### COLLECTED MATERIAL
-.-.-

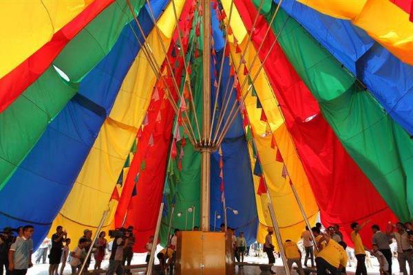 想要制造出如此硕大的伞,当然和世界上最大的金戒指一样,需要耗费大量的人力物力,单单是这把超级大伞的伞柄就由直径为18厘米的无缝钢管制成,而骨架采用的也是镀锌钢钢管,足足有16根之多,还用了254.8平方米的牛津布来做伞面,制作了足足三层才能支撑住如此粗壮的钢管骨架。
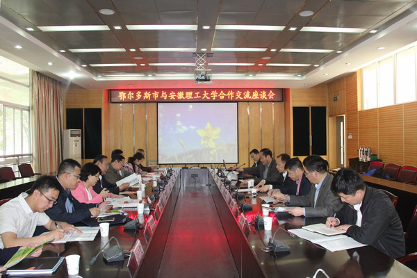4月12日上午,内蒙古自治区科技厅副巡视员云涛,鄂尔多斯市科技局党组书记、局长王评,鄂尔多斯市东胜区区委常委、副区长李芸,东胜区科技局党支部书记、局长张志远一行12人来我校就鄂尔多斯市与安徽理工大学开展合作进行座谈,座谈会在图书馆北会议室举行。校长郭永存、副校长孟祥瑞出席座谈会。座谈会由科技产业处处长华心祝主持。
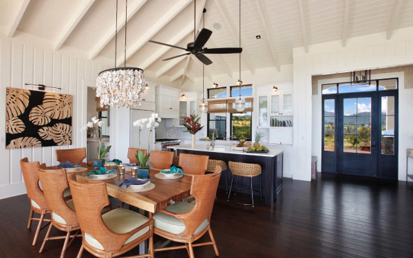 Interior dapur plantation dengan tanaman merambat yang cantik.
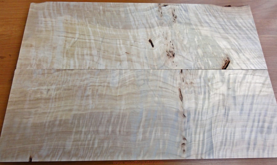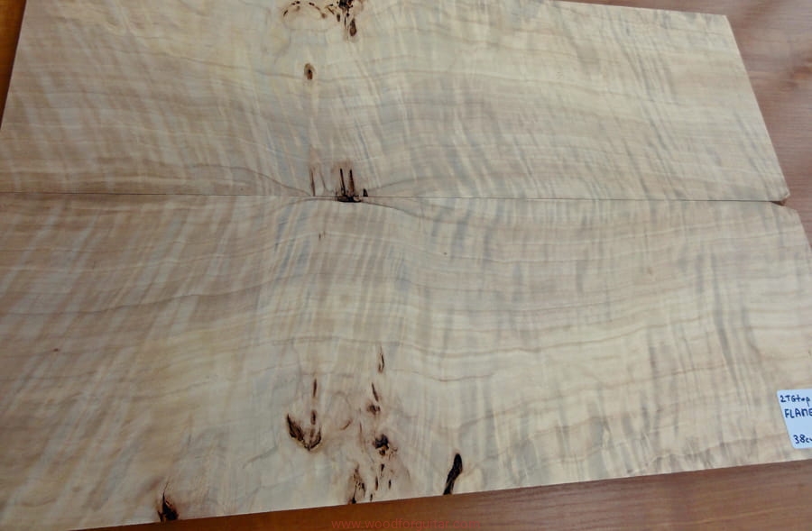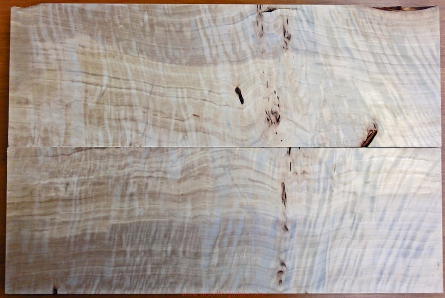 (2-częściowy zestaw drewna, rozcięte metodą książkową, tzw. bookmatched, cięte „w ćwiartkę” – słoje w przekroju prostopadłe do powierzchni, zakrzywiony przebieg przyrostów wzdłuż materiału. Nieregularne, głębokie, mieniące się w świetle fale oraz widoczne luźne struktury sprawiają, że drewno wizualnie jest bardzo dynamiczne. Luźne struktury oraz perforacje należy samodzielnie wypełnić kontrastową masą kleju epoksydowego lub dedykowaną masą z zawartością pyłu drzewnego. Proces ten najlepiej przeprowadzić przed oraz po obróbce drewna. Grubość tego zestawu pozwala na zastosowanie w konstrukcji z profilowanym topem lub typu „kanapka”. Wyjątkowe drewno do wysokiej klasy instrumentu)…

-.-.-

### WHAT YOU NEED TO DO
With the pictures removed, set down the entire listing exactly.

### SOLUTION TO THIS TASK
 想要制造出如此硕大的伞,当然和世界上最大的金戒指一样,需要耗费大量的人力物力,单单是这把超级大伞的伞柄就由直径为18厘米的无缝钢管制成,而骨架采用的也是镀锌钢钢管,足足有16根之多,还用了254.8平方米的牛津布来做伞面,制作了足足三层才能支撑住如此粗壮的钢管骨架。
4月12日上午,内蒙古自治区科技厅副巡视员云涛,鄂尔多斯市科技局党组书记、局长王评,鄂尔多斯市东胜区区委常委、副区长李芸,东胜区科技局党支部书记、局长张志远一行12人来我校就鄂尔多斯市与安徽理工大学开展合作进行座谈,座谈会在图书馆北会议室举行。校长郭永存、副校长孟祥瑞出席座谈会。座谈会由科技产业处处长华心祝主持。
 Interior dapur plantation dengan tanaman merambat yang cantik.
 (2-częściowy zestaw drewna, rozcięte metodą książkową, tzw. bookmatched, cięte „w ćwiartkę” – słoje w przekroju prostopadłe do powierzchni, zakrzywiony przebieg przyrostów wzdłuż materiału. Nieregularne, głębokie, mieniące się w świetle fale oraz widoczne luźne struktury sprawiają, że drewno wizualnie jest bardzo dynamiczne. Luźne struktury oraz perforacje należy samodzielnie wypełnić kontrastową masą kleju epoksydowego lub dedykowaną masą z zawartością pyłu drzewnego. Proces ten najlepiej przeprowadzić przed oraz po obróbce drewna. Grubość tego zestawu pozwala na zastosowanie w konstrukcji z profilowanym topem lub typu „kanapka”. Wyjątkowe drewno do wysokiej klasy instrumentu)…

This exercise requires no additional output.